‘Hurtful’: Michigan Rep. Dingell Decries Trump’s Hell Crack About Her Late Husband

"It hurt. I loved my husband," Rep. Dingell said of Trump's comments. "We had a love affair most never have, and it's been a hard holiday season, and those kinds of shots — people forget that members of Congress are human, and we go through real hard times."

President Donald Trump took a swipe at the late Rep. John Dingell during his raucous impeachment-day rally on Wednesday, drawing a rebuke from the longtime Michigan congressman's widow and successor in the House, who called the comments "hurtful." House Speaker Nancy Pelosi was among those the next day who called Trump's suggestion that Dingell was in hell cruel.

House Speaker Nancy Pelosi, D-Calif., addressed President Donald Trump’s comments during a rally where he suggested the late Rep. John Dingell was in hell. “What the president misunderstands is that cruelty is not wit,” Pelosi said. “Just because he gets a laugh for saying the cruel things that he says doesn’t mean he’s funny. It’s not funny at all. It’s...

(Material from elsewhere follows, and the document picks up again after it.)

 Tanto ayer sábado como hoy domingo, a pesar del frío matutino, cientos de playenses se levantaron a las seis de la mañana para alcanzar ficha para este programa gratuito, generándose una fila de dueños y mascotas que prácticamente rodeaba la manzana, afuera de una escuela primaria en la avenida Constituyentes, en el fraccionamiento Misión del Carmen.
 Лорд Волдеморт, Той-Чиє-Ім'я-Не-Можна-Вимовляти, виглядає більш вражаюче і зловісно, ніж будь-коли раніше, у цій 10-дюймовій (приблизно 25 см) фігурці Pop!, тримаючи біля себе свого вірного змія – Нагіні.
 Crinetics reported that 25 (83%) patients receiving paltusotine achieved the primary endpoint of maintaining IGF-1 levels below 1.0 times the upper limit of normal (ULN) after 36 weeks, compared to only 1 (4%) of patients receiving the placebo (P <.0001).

"Let us pray for the president," Pelosi said when reporters asked about the comments on Thursday. She said Trump "clearly is insecure when it comes to statespersons" like former Sen. John McCain and John Dingell.

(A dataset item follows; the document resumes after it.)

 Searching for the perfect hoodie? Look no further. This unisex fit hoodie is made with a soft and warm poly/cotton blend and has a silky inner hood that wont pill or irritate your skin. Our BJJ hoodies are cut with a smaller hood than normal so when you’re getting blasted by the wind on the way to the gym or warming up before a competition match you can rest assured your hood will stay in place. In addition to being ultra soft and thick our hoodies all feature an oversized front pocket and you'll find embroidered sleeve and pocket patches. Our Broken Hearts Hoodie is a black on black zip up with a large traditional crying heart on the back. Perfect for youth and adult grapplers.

"What the president misunderstands is that cruelty is not wit," Pelosi said. "Just because he gets a laugh for saying the cruel things that he says doesn't mean he's funny. It's not funny at all. It's very sad."

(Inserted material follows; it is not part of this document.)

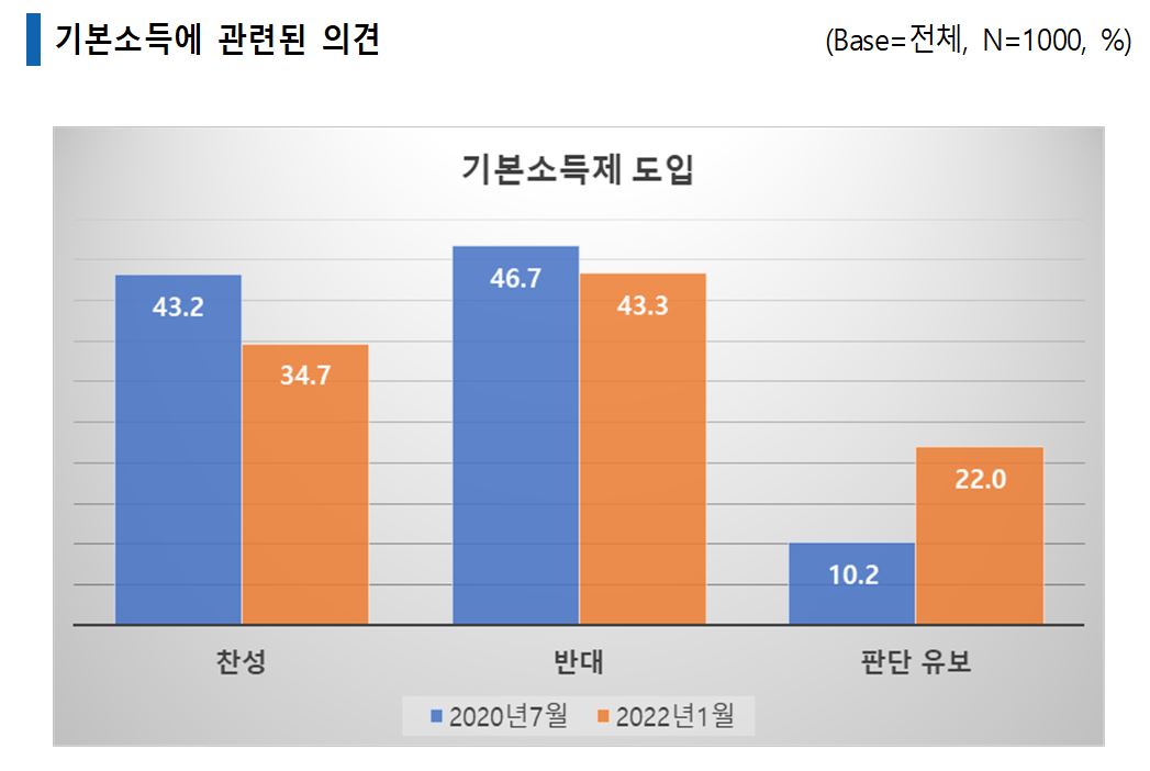 사회구성원 모두에게 균등하게 일정 소득을 지급하는 기본소득제도 도입에 대해 43.3%가 반대, 34.7%가 찬성 의견을 보여 반대가 8.6%p 더 높게 나타났다.

White House press secretary Stephanie Grisham told ABC's “Good Morning America" that Trump was “just riffing” when he spoke about Dingell at the Wednesday night rally. She said she didn't know why Trump decided to allude to Dingell being in hell.

“You'd have to talk to the president about that," she said.

But Grisham suggested that the president was venting his frustration after being impeached by the House: "It was a very very supportive and wild crowd and he was just riffing on some of the things that had been happening the past few days.”

Trump said at the rally that Debbie Dingell had thanked him profusely for providing “A-plus treatment” after John Dingell's death in February, including ordering flags flown at half-staff.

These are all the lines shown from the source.